The company, based in Belgium, has developed a blood test called Nu-Q. It's designed as a second line diagnostic to the FIT test, targeting improved accuracy ahead of a patient needing to be booked in for a colonoscopy.
When a tumor develops, the tumor macro-environment is incredibly unstable compared to healthy environments. Cells are dying off frequently, and as they die, they release matter into the blood. Some of this matter is what are called nucleosomes. A nucleosome is a structural unit of a chromosome, consisting of a length of DNA coiled around a core of what are called histones, which are basically just a building block of a chromosome – a sort of glue, if you like. The nucleosomes of cancerous cells differ detectably from these of healthy cells. With its Nu-Q test, Volition is able to take a small drop of blood form a patient, add it to some market nucleosomes, and pull out a color-coded response that correlates with the number of cancerous nucleosomes present in the sample. The more cancerous nucleosomes, the more developed the cancer, and the more intense the color of the test on reading. As a side note, Nu-Q stands for nucleosome quantity. In a study presented last year, the company was able to demonstrate that the use of this test in line with the FIT test reduced the number of colonoscopies against a control group by 25%.
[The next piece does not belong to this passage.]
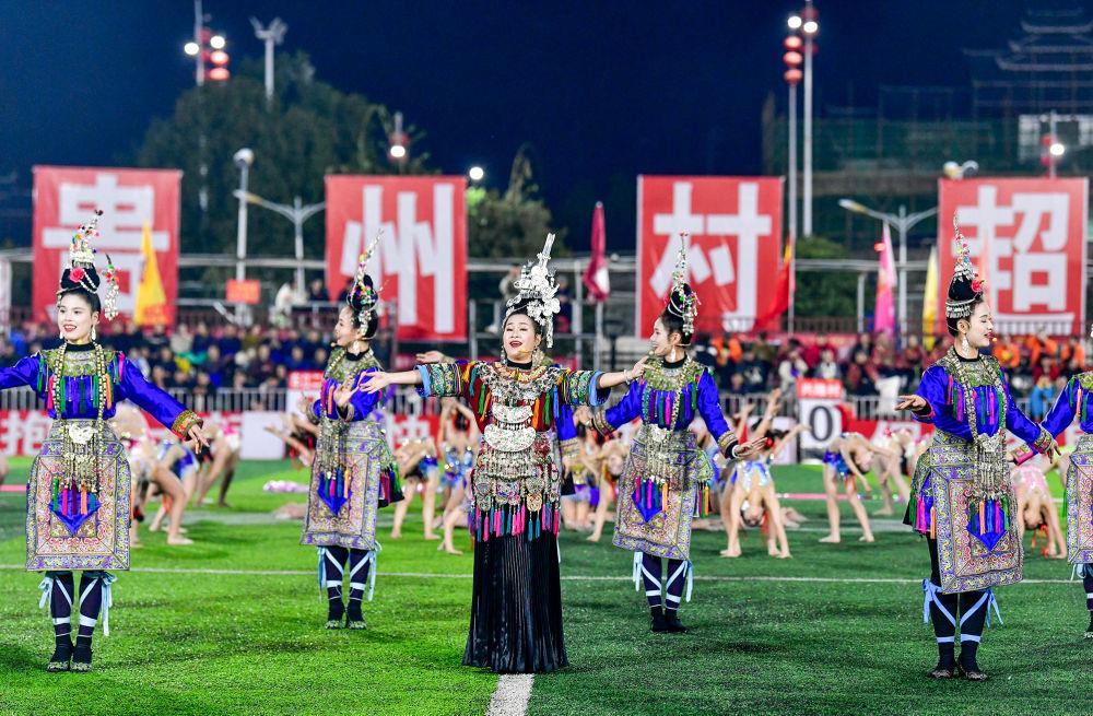 △2025年3月14日,2025年贵州“村超”40强交叉赛在榕江“村超”足球场举行,演员在比赛间隙表演侗族大歌。
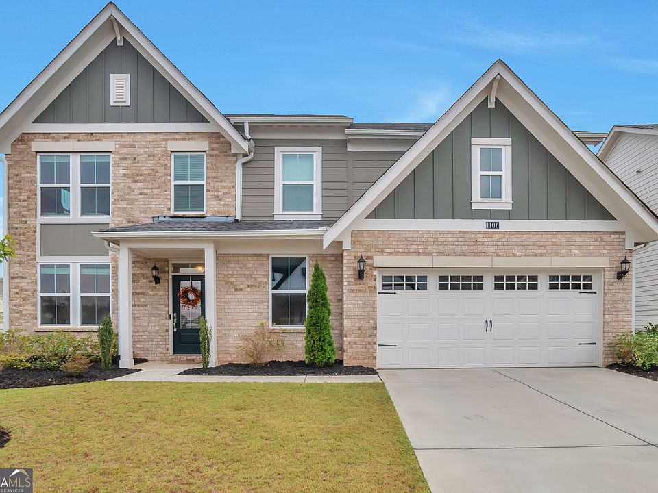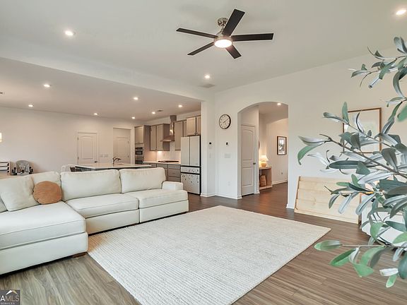 Immaculate, better-than-new Fischer Homes-built residence in the highly sought-after Twin Lakes community! This spacious Grandin Cambridge Cottage plan offers bright, open-concept living with luxury vinyl flooring throughout the main level. A welcoming covered front porch sets the tone, leading into a sunlit family room that opens to a stunning kitchen featuring a huge island, 42-inch upgraded cabinetry, quartz countertops, stainless steel appliances, and a large walk-in pantry. A guest suite with a full bath is conveniently located on the main level-ideal for visitors or multi-generational living. Upstairs, you'll find a spacious loft perfect for a media room, playroom, or second living area. The oversized primary suite includes a double vanity, walk-in shower, and a large walk-in closet. Three additional bedrooms each feature their own walk-in closets. The two-car garage includes bonus space that can be used as a workshop or for additional storage. Out back, enjoy a huge rear deck overlooking a beautifully landscaped, iron-fenced backyard-perfect for entertaining or relaxing. The home also boasts a huge rear deck overlooking an iron-fenced backyard-perfect for entertaining or relaxing outdoors. Located just minutes from I-85 and within walking distance to Publix and Kroger. Twin Lakes offers resort-style amenities: two private lakes, scenic walking trails, two resort-style pools, clubhouse, fitness center, tennis courts, Georgia's largest pickleball complex, dog park, kayak/canoe launch, community garden, and regular neighborhood events that foster a true sense of community.

The test just picked up a CE mark, and while it's still early days in terms of development, it looks to be one of the most promising applications of blood test technology in the oncology space available right now. The European commercialization will serve as a bell weather for U.S. uptake. Having said that, with the European death count from colorectal cancer four times that of the U.S., and with the screening mandates in place, the European market is probably the most lucrative for the company as things stand.
Cancer blood tests are going to revolutionize the way we screen for cancer, and of course, Volition isn’t the only company developing a diagnostic. Indeed, another company is working on one in exactly the same indication. This isn’t a coincidence, of course. Colorectal cancer is infamous for the inaccuracy of its current SOC diagnostics, and also well known for its ability to be treatable with early identification (as mentioned above).
The company is TODOS Medical. This one is an Israel-based company that is targeting the same indication, but with a different end game in mind. TODOS' test is designed to reduce the requirement for colonoscopies based on the potential for human error in the process. A colonoscopy requires a human to interpret the results. This results in the missing of early stage cancers (as they can be tough to see) and in turn allowing these cancers to develop into fatal forms of the disease. TODOS is employing what's called Fourier transform infrared (FTIR) analysis, which fires infrared light through a sample of the patient's blood. Cancerous blood samples have a different atomic structure than non-cancerous samples, and the light reacts differently. The results of the test can then be fed through a computer, and the computer (by way of a piece of technology that TODOS has developed) determines whether the sample is cancerous or not.
Again, it's early on in the development stage for TODOS' test, but tests to date have demonstrated a high degree of accuracy when compared to colonoscopy analysis data. Further, these tests could be applied to many other types of cancer, with just the program that runs the tests requires to be changed to detect cancer specific atomic light responses.
This year is going to be a big year for oncology screening. With companies like these bringing blood tests to the fore, tests that are quick, cheap and – most importantly – accurate, the days of invasive and expensive testing will likely soon be over.
The author has no positions in any stocks discussed in this article.